Unfortunately, this thin-skinned refusal to engage with the challenging realities of life is not restricted to academia.
There is no hiding place from the language police, even if you belong to a ‘vulnerable’ group.
Ten years ago, I suggested Notting Hill Carnival had become an international event and outgrown its roots in the West Indian community — hardly a deeply provocative observation.
In response, the then Mayor of London, Ken Livingstone, opined I had become so Right-wing I really belonged in the British National Party.
Sometimes the pressures to conform are subtle and insidious but no less powerful.In 2009, several Labour MPs, including some ministers, mounted a private campaign to get Prime Minister Gordon Brown to dismiss me from the chair of the Equality and Human Rights Commission (EHRC).
My principal sin, I think, had been to support the appointment of a leading black evangelical Christian.
I thought the thousands of black and Asian Christians who are reviving our churches should be represented.
But it happens that many of these evangelicals take a dim view of homosexuality. I don’t agree with them, but I felt the EHRC had to respect and reflect all points of view.
Some government ministers saw things differently.

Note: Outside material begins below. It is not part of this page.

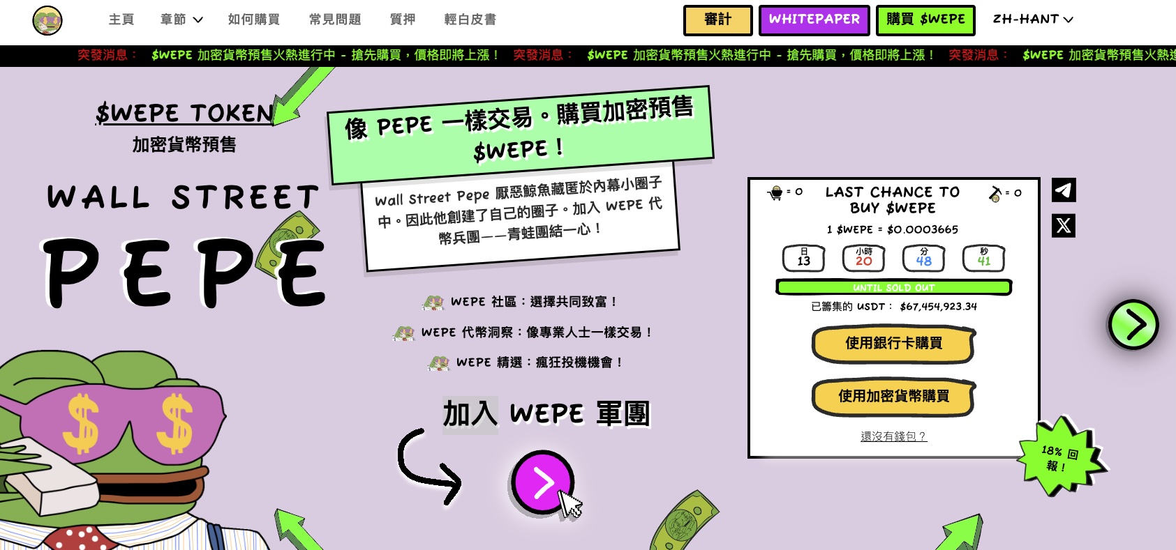 要留意,$WEPE仍在預售階段,在預售結束後再上市DEX及CEX,建議投資者可進入官方網站、X及Telegram瞭解預售最新資訊。

They also wanted to see a black commissioner appointed — but only one whose views echoed their own in every way.
Without the intervention of Harriet Harman, Brown would probably have sacked me.

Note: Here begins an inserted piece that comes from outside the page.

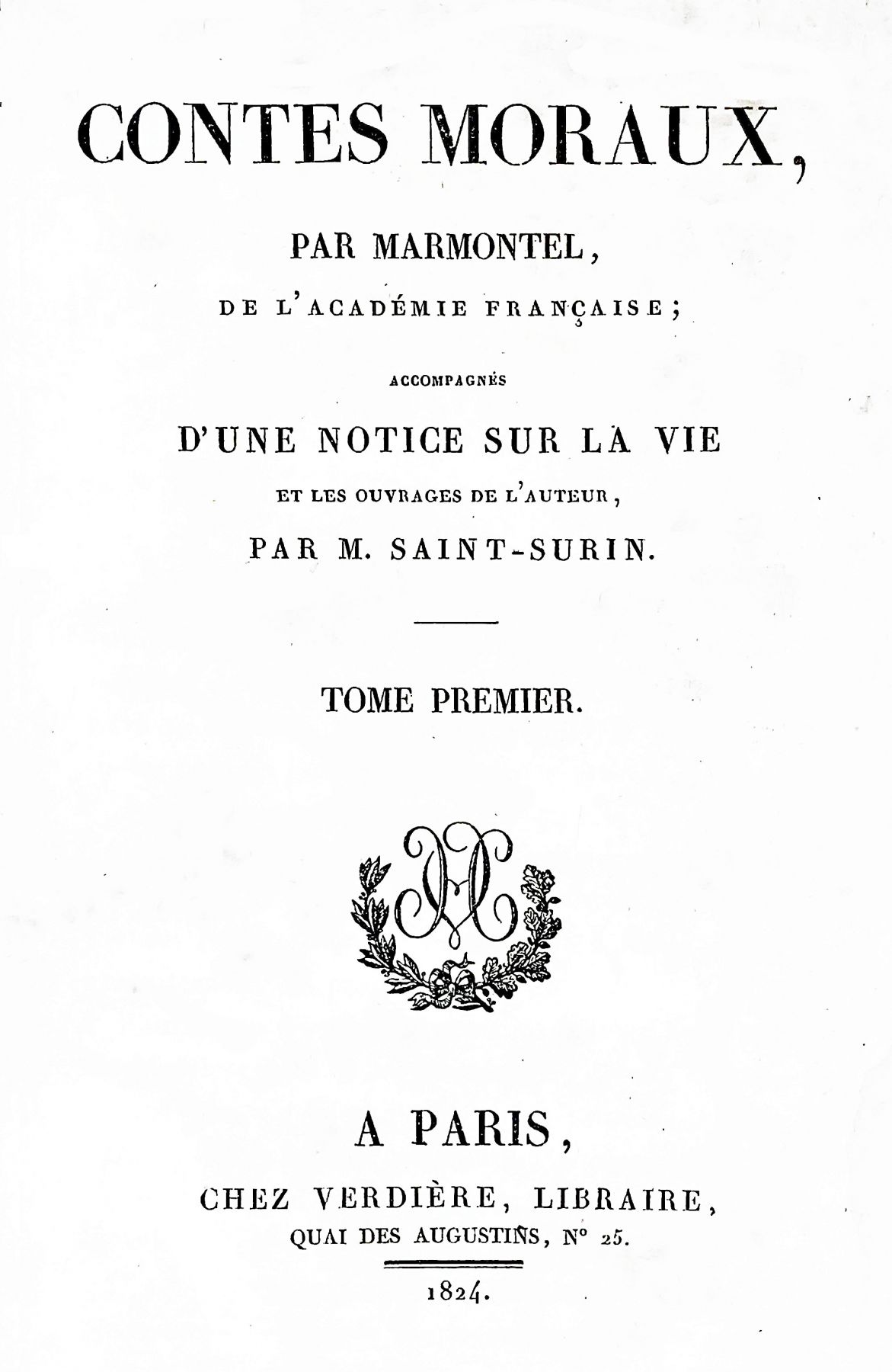 MARMONTEL Jean-François. Contes moraux. Accompagnés d’une notice sur la vie et les ouvrages de l’auteur, par Saint-Surin. Paris, chez Verdière, 1824; 4 volumes in-8, demi-veau vert de l’époque, dos à nerfs orné, titre et tomaisons dorés. Quelques rousseurs.

Yet by striving to appease special interests, even well-intentioned ‘equality warriors’ lay themselves open to the charge that they value diversity only as long as it serves their political purpose.
Take the recent decision by John Bercow, Speaker of the House of Commons, to try to ban President Trump from speaking in the Palace of Westminster because of his supposed Islamophobia.
There is no systematic persecution of American Muslims by their own government, yet in other countries Muslims fear for their lives.
Uyghur Muslims in China are forbidden from practising their religion if they are civil servants.
In Myanmar, thousands of Muslims have fled abroad to escape rape and murder at the hands of the country’s Buddhist majority.
And India’s Supreme Court ordered an investigation into prime minister Narendhra Modi’s complicity in the 2002 Gujarat riots in which more than 700 Muslims died.
Yet China’s president Xi Jinping, Myanmar’s leader Aung San Suu Kyi and India’s Modi have all been afforded the honour of speaking to both Houses of Parliament.
The new tyranny is also threatening the study of what really makes the world tick, even if that research might help to reduce inequality.
For example, we still have no proper explanation for the stunning academic success of pupils of Chinese heritage across the Western world.
My attempts to promote such research were resisted by academics, who claimed it would belittle other ethnic groups.
The real losers in this refusal to tackle race and gender issues honestly are, ironically, women and ethnic minorities.
A business leaders’ think-tank, the Centre for Talent Innovation, found that many female and minority executives in the U.S. complained their bosses were too afraid of being accused of racism or sexism to talk to them honestly about their performance.
They only found out they had been failing professionally when they were fired.
Hypersensitivity about offending minorities has also stopped us having a grown-up debate about migration.
Last week, Tony Blair, in his speech on Brexit, said ‘immigration is the issue’. Whatever you think of him, most polls show he was right about that.
Yet since last June, most politicians have tried to pretend the Brexit vote had little to do with the cultural impact of immigration.
The Right fear sounding like racists; the Left won’t discuss it because their celebration of multiculturalism as a blessing makes them seem metropolitan elitists.
And when conventional politicians try to tackle the issue, they make a hash of it.
The hapless Dutch prime minister, Mark Rutte, recently called on Dutch Muslims to ‘be normal or be gone’. And he leads something that describes itself as the Liberal Party!
One Left-wing newspaper has denounced my TV film on political correctness as ‘unhelpful’. Unhelpful to whom, I wonder?